Горели деревни. Ветер нес запах гари, горький запах, мешавшийся со смолистым сосновым духом и медовыми ароматами лугов. Сухой и тонкий, он лишь слегка, незримо, вплетался в упругую влажность ветра, и все-таки от него, от этого легкого и горького привкуса, першило в горле и сухо становилось во рту, ибо это был запах беды, древней беды народов и особенной беды деревянной, дотла выгорающей в пожарах русской страны. И это же был запах огня, жизни! Но почему так рознятся запахи дыма костров и пожарищ? О жилом, о тепле, о ночлеге и хлебе говорит дым костра, и о смерти, скитаниях, стуже — горький чад сгорающих деревень.
На вершине холма, на коне, что, потягивая повода и тревожно раздувая ноздри, нюхал ветер, тянувший гарью из-за синих лесов, сидел, глядя тяжелыми, в отечных мешках, зоркими глазами туда же, куда и конь, и еще дальше, за синие леса, за озера, в далекие степи мунгальские, русский князь.

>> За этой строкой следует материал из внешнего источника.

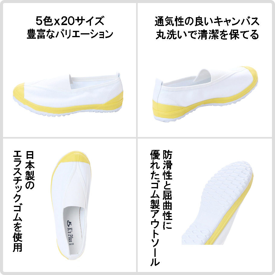 ゴム底は防滑性、屈曲性、耐摩耗性に優れており、キャンバス甲材は丈夫で肌に優しく、丸洗いができて清潔を保てるのもうれしいポイントです。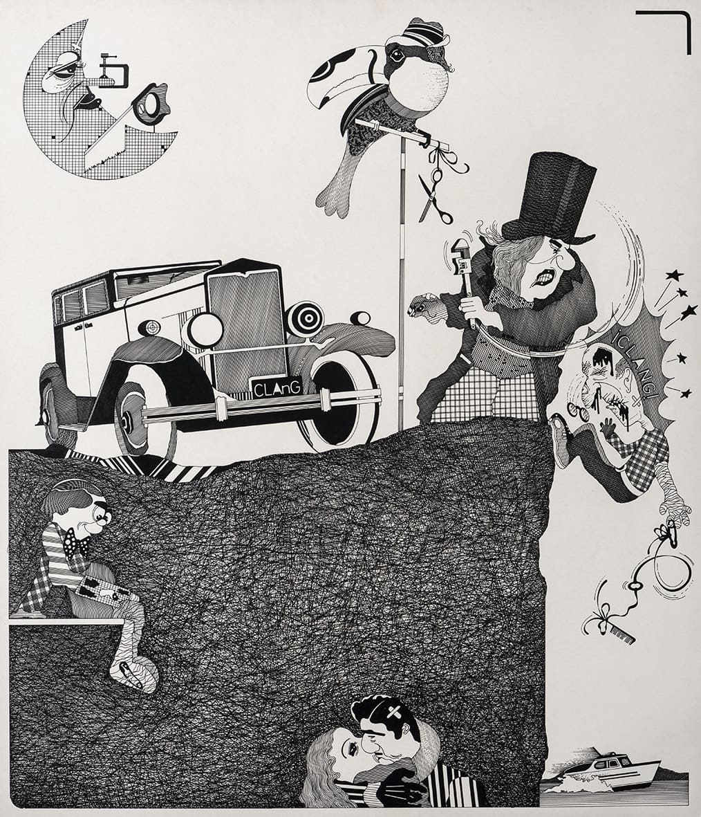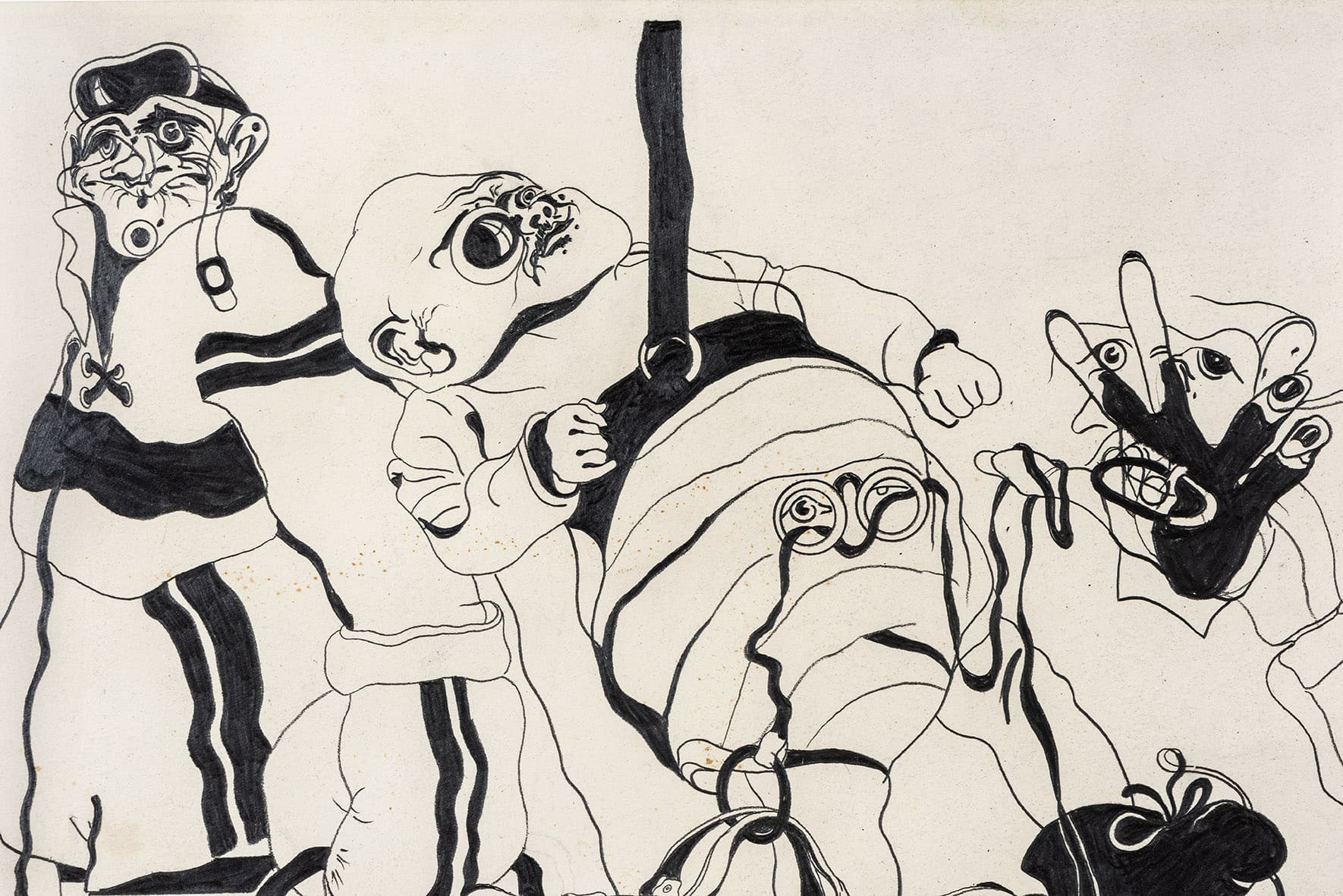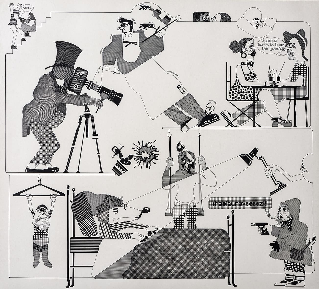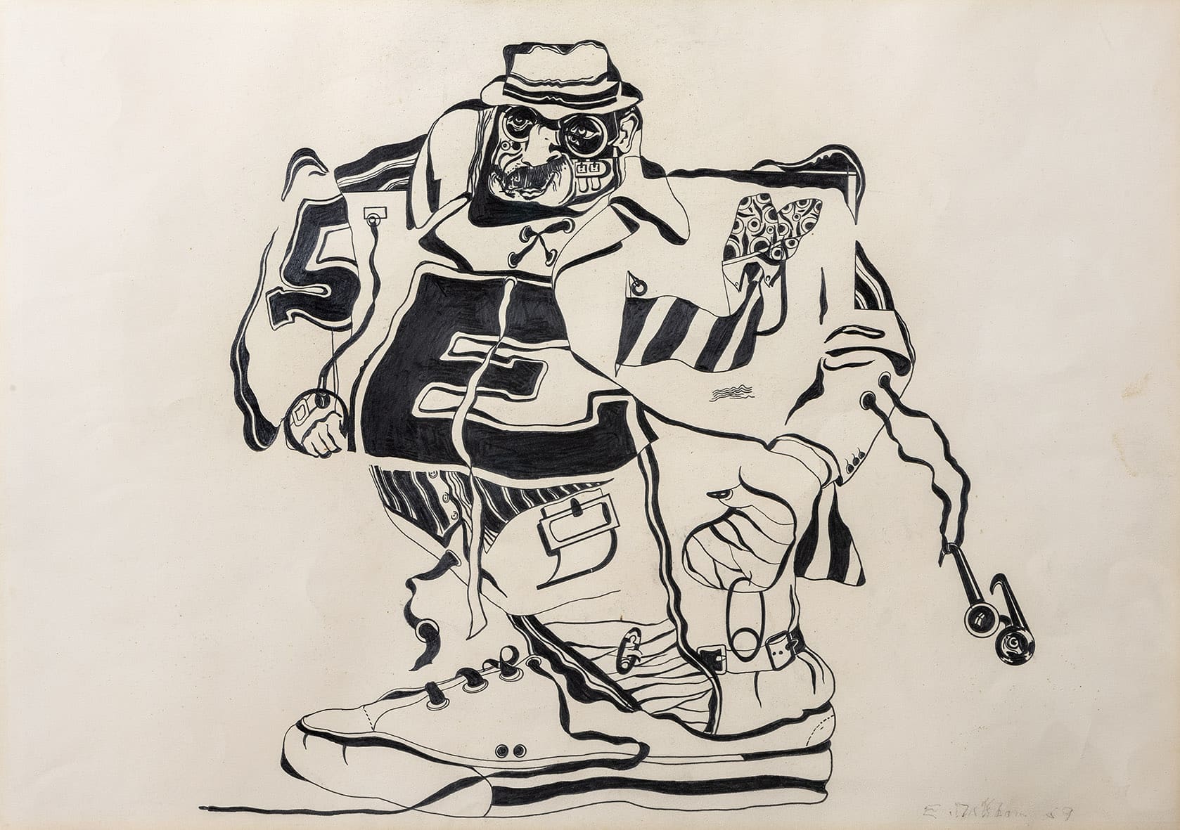 «Trabajos, 1969-2017» es una muestra singular de la trayectoria recorrida por Eugenio Dittborn en los últimos cincuenta años. Las obras que conviven aquí – desde las pinturas aeropostales hasta los últimos dibujos realizados por Dittborn antes de «dejar de trabajar con la mano»- registran con eficacia la actitud de un artista que desconfía de las últimas palabras y todos los estados de cosas fijos (incluyendo el de su propio trabajo). Poco a poco y a ritmo de pequeños hallazgos, esta constelación de imágenes y prácticas visuales hace emerger lo que Ana María Risco denomina como una auténtica poética pictórica. Una poética donde las cosas que parecen absolutamente indeterminadas son, en realidad, el resultado de un cálculo, del mismo modo que las cosas que parecen absolutamente calculadas nos llevan incesantemente a lo indeterminado.

Он лишь на миг скосил глаза, когда внизу вырвалась вдруг из леса, ломая грудью ельник, ошалевшая от огня и страшного запаха дыма кобыла, и тотчас, следом за нею, выскочил на опушку и побежал по склону холма, кособочась, босой старик, с отдуваемой ветром бородой, в серо-белой некрашеной рубахе и таких же серо-белых, отбеленных солнцем холщовых портах. Мужик бежал, щурясь на бегу из-под ладони, зорко и опасливо глядя вверх, туда, где, темный противу солнечной стороны, стоял на коне князь и чередой тянулись, щетинясь остриями копий и шеломов, ратники княжой дружины. Кто-то из ратных, не выдержав, порушил ряд и поскакал впереймы, норовя раньше мужика ухватить за повод одичавшую лошадь…
Князь с холма продолжал глядеть вперед. Он знал эту дорогу. Долго будут тянуться, провожая, еловые да сосновые боры, березовые колки, дубовые и кленовые рощи, деревни и города, пашни и перелески, где остались, в чаще лесов, родной Переяславль, княжий стол, златоглавый Владимир. А там, за Муромом, за Окою, шире и шире пойдут поляны в разноцветье трав, по брюхо коню, чернее земля на пашнях, а там, за последними, потерянно прячущимися в приовражьях русскими землянками, начнутся степи, а за ними шумный и разноязычный Сарай, не поймешь: то ли торг, то ли город, то ли стойбище татарское?.. Где рев верблюдов, табуны коней, амбары, лавки, пыль, иноземные купцы и, среди всего, жалкие глаза русских полоняников. А там, за широкой, как море, рекой Итиль, по-русски Волгой, опять степи, чужие, мунгальские, где уже и не встретишь русского лица, только седой серебряный ковыль под ветром ходит волнами до края неба да изредка промаячат по этому морю плывущие караваны. А там, дальше, редкие сосновые перелески да пески, и цветные, рыжие, красные, зеленые и синие холмы, и снова степи день за днем, месяц за месяцем, и сухая пыль, то жаркая, то ледяная, и горы в мареве, и лица чужие, плоские, широкоскулые, будто трава их рождает так, целиком, в оружии, на диких степных конях. И совсем далеко ставка великого кагана, степной город, составленный из расписных юрт и лаковых разборных дворцов, готовый ежеминутно сняться с места и в реве, в ржании, в глухом и тяжелом, потрясающем землю стуке бесчисленных копыт плыть на новые земли и страны, рушить царства, губить города… Город, откуда так трудно возвращаться живым… Князь смотрел, каменея, за синие леса, за широкие степи, великий князь Золотой Руси!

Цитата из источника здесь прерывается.